When R tries to bind a value to a symbol, it searches through a series of environments to find the appropriate value. When you are working on the command line and need to retrieve the value of an R object, the order in which things occur is roughly

  1. Search the global environment (i.e. your workspace) for a symbol name matching the one requested.
  2. Search the namespaces of each of the packages on the search list

The search list can be found by using the search() function.

> search()
[1] ".GlobalEnv"        "package:stats"     "package:graphics" 
[4] "package:grDevices" "package:utils"     "package:datasets" 
[7] "package:methods"   "Autoloads"         "package:base"     

The global environment or the user’s workspace is always the first element of the search list and the base package is always the last. For better or for worse, the order of the packages on the search list matters, particularly if there are multiple objects with the same name in different packages.

Users can configure which packages get loaded on startup so if you are writing a function (or a package), you cannot assume that there will be a set list of packages available in a given order. When a user loads a package with library() the namespace of that package gets put in position 2 of the search list (by default) and everything else gets shifted down the list.

Note that R has separate namespaces for functions and non-functions so it’s possible to have an object named c and a function named c().

15.2 Scoping Rules

The scoping rules for R are the main feature that make it different from the original S language (in case you care about that). This may seem like an esoteric aspect of R, but it’s one of its more interesting and useful features.

The scoping rules of a language determine how a value is associated with a free variable in a function. R uses lexical scoping or static scoping. An alternative to lexical scoping is dynamic scoping which is implemented by some languages. Lexical scoping turns out to be particularly useful for simplifying statistical computations

Related to the scoping rules is how R uses the search list to bind a value to a symbol

Consider the following function.

> f <- function(x, y) {
+         x^2 + y / z
+ }

This function has 2 formal arguments x and y. In the body of the function there is another symbol z. In this case z is called a free variable.

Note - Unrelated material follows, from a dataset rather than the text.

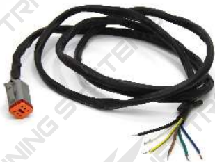
9 FOOT WIRE-HARNESS

The scoping rules of a language determine how values are assigned to free variables. Free variables are not formal arguments and are not local variables (assigned insided the function body).

Lexical scoping in R means that

the values of free variables are searched for in the environment in which the function was defined.

Okay then, what is an environment?

An environment is a collection of (symbol, value) pairs, i.e. x is a symbol and 3.14 might be its value. Every environment has a parent environment and it is possible for an environment to have multiple “children”. The only environment without a parent is the empty environment.

A function, together with an environment, makes up what is called a closure or function closure. Most of the time we don’t need to think too much about a function and its associated environment (making up the closure), but occasionally, this setup can be very useful. The function closure model can be used to create functions that “carry around” data with them.

How do we associate a value to a free variable? There is a search process that occurs that goes as follows:

  • If the value of a symbol is not found in the environment in which a function was defined, then the search is continued in the parent environment.
  • The search continues down the sequence of parent environments until we hit the top-level environment; this usually the global environment (workspace) or the namespace of a package.
  • After the top-level environment, the search continues down the search list until we hit the empty environment.

If a value for a given symbol cannot be found once the empty environment is arrived at, then an error is thrown.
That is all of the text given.